(Exercise input):
################

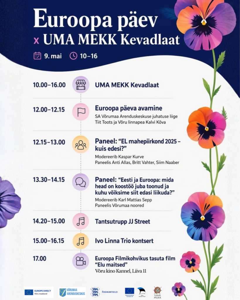 Laupäeval, 9. mail algusega kell 10.00 toimub Võru linna keskväljakul järjekordne Euroopa Päev koostöös UMA MEKK kevadlaadaga. Ootame kõiki Võru maakonna elanikke ja külalisi üritusest osa saama.
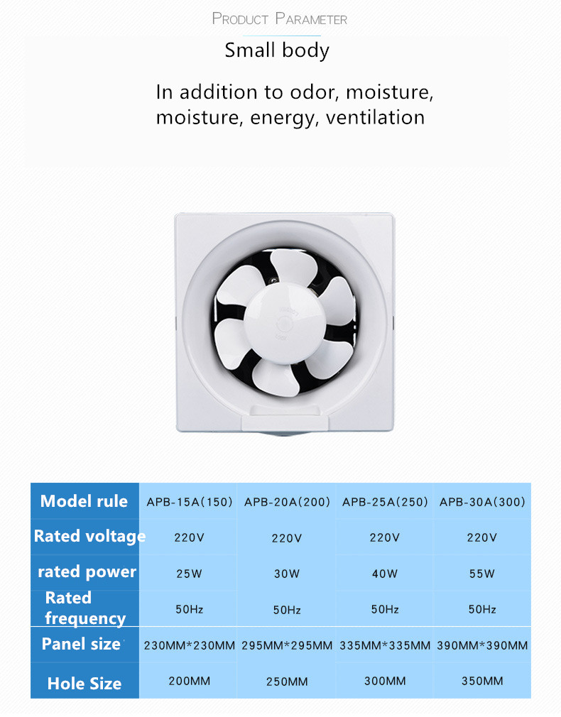 Product specifications 6", 8", 10", 12" Fan type Exhaust fan
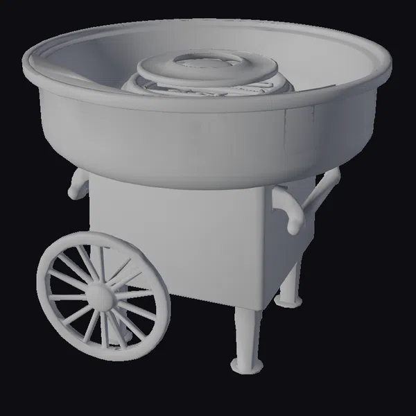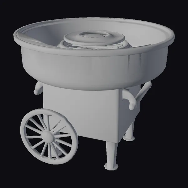 Perched on three sturdy legs, the Vintage Red Cotton Candy Maker boasts a large, round bowl and a prominent black spinning head, ready to spin sugar into fluffy treats. The model’s textured surface and raised lettering give it a tactile, retro feel. Whether you’re creating a vintage carnival scene, a whimsical outdoor setting, or a sweet-themed animation, this model is sure to delight. Its compact size and detailed design make it perfect for use in games, 3D printing, VR/AR experiences, animation, and design projects.
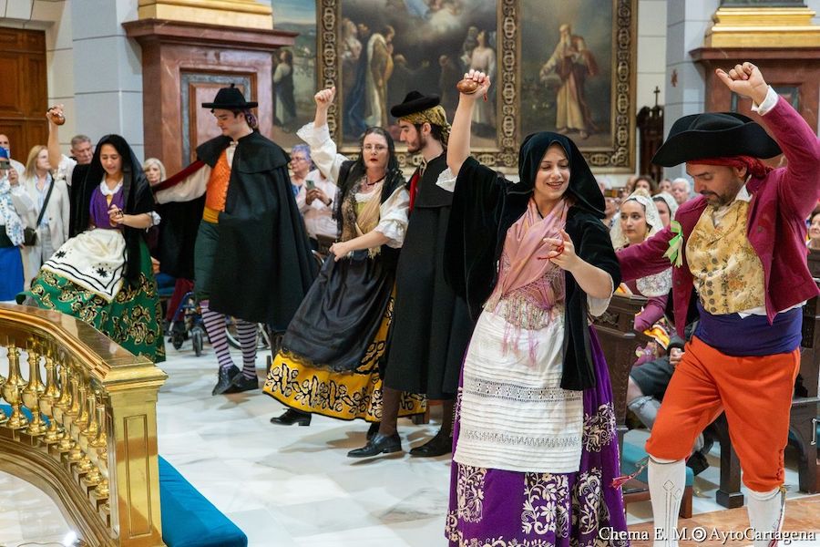 La basílica menor de la Virgen de la Caridad acoge un acto repleto de festeros ataviados con vestimenta tradicional que ha traído a Cartagena una talla peregrina de la Virgen de los Desamparados. La tarde contó con la participación de Carthagineses y Romanos y los bailes del Grupo Folclórico de La Palma.
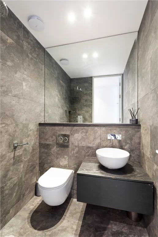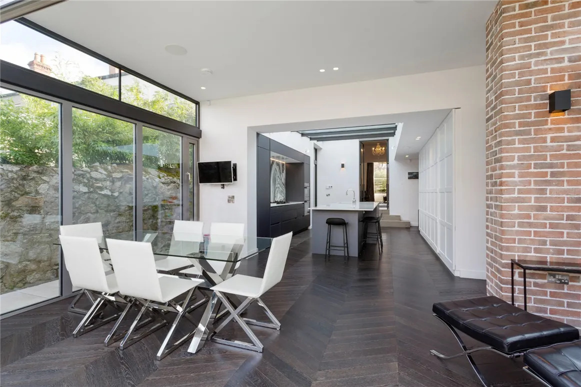 It’s a particularly impressive space, with a part-glazed roof, hardwood parquet floor with underfloor heating, and a panelled wall that conceals full height hidden kitchen units. An eye catching Nabucco marble splashback and 4 metre island together form the focal point of the space.
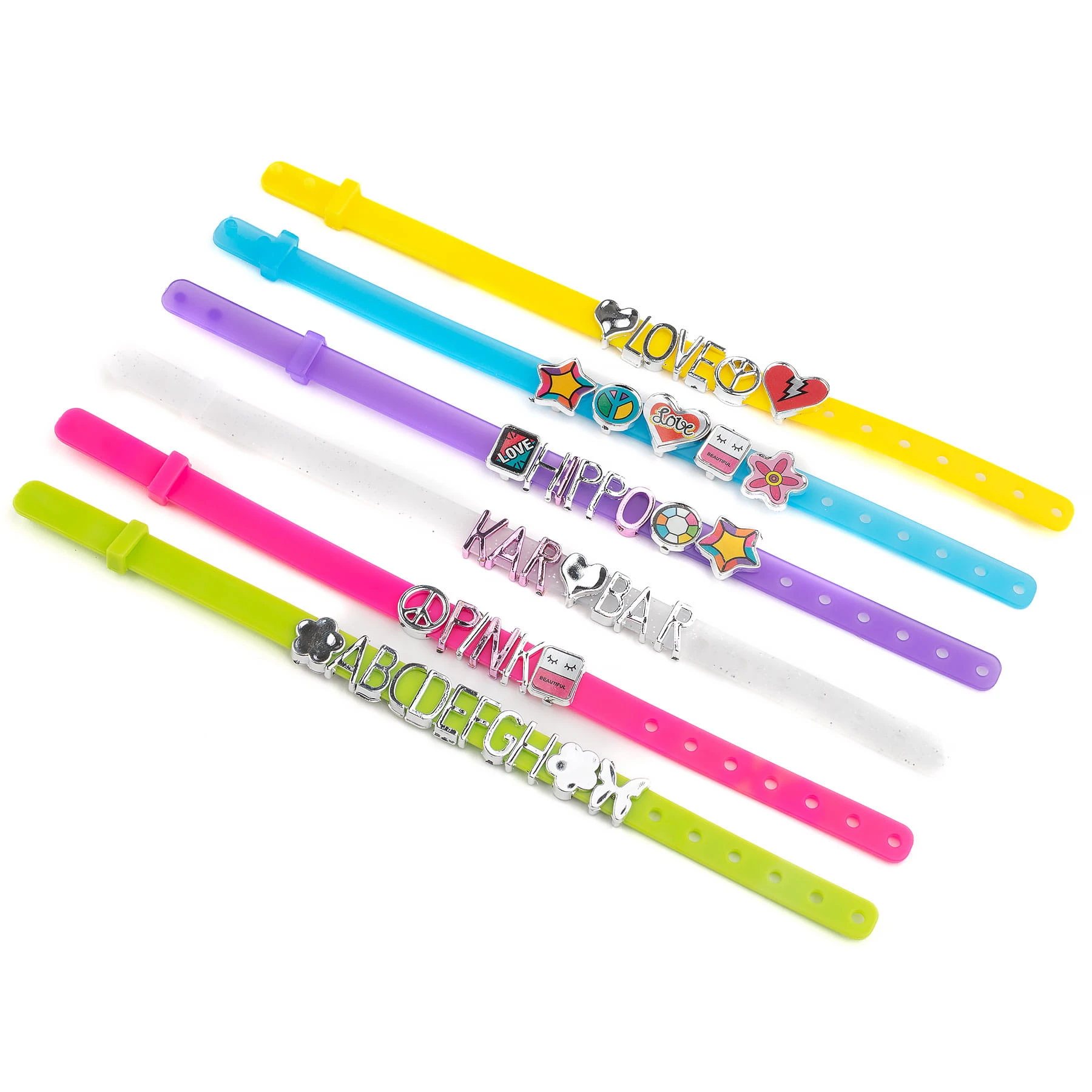 - 6 elastycznych pasków bransoletek w kolorach: biały, fiolet, zielony, różowy, niebieski, żółty
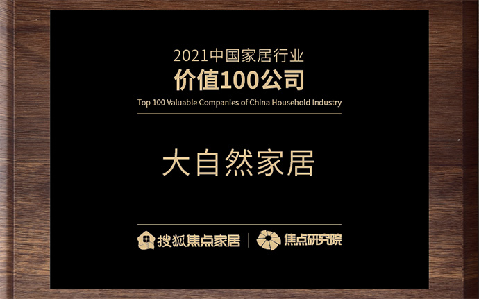 大自然榮獲“2021中國家居行業(yè)價值100公司”|見證原力,用綠色守護生活

################

(Exercise):
Transcribe, please, the lines from the one holding "La basílica menor" to the final line of the material, both included, exactly and with no extra lines, and skip the pictures.

(Output below):
 La basílica menor de la Virgen de la Caridad acoge un acto repleto de festeros ataviados con vestimenta tradicional que ha traído a Cartagena una talla peregrina de la Virgen de los Desamparados. La tarde contó con la participación de Carthagineses y Romanos y los bailes del Grupo Folclórico de La Palma.
 It’s a particularly impressive space, with a part-glazed roof, hardwood parquet floor with underfloor heating, and a panelled wall that conceals full height hidden kitchen units. An eye catching Nabucco marble splashback and 4 metre island together form the focal point of the space.
 - 6 elastycznych pasków bransoletek w kolorach: biały, fiolet, zielony, różowy, niebieski, żółty
 大自然榮獲“2021中國家居行業(yè)價值100公司”|見證原力,用綠色守護生活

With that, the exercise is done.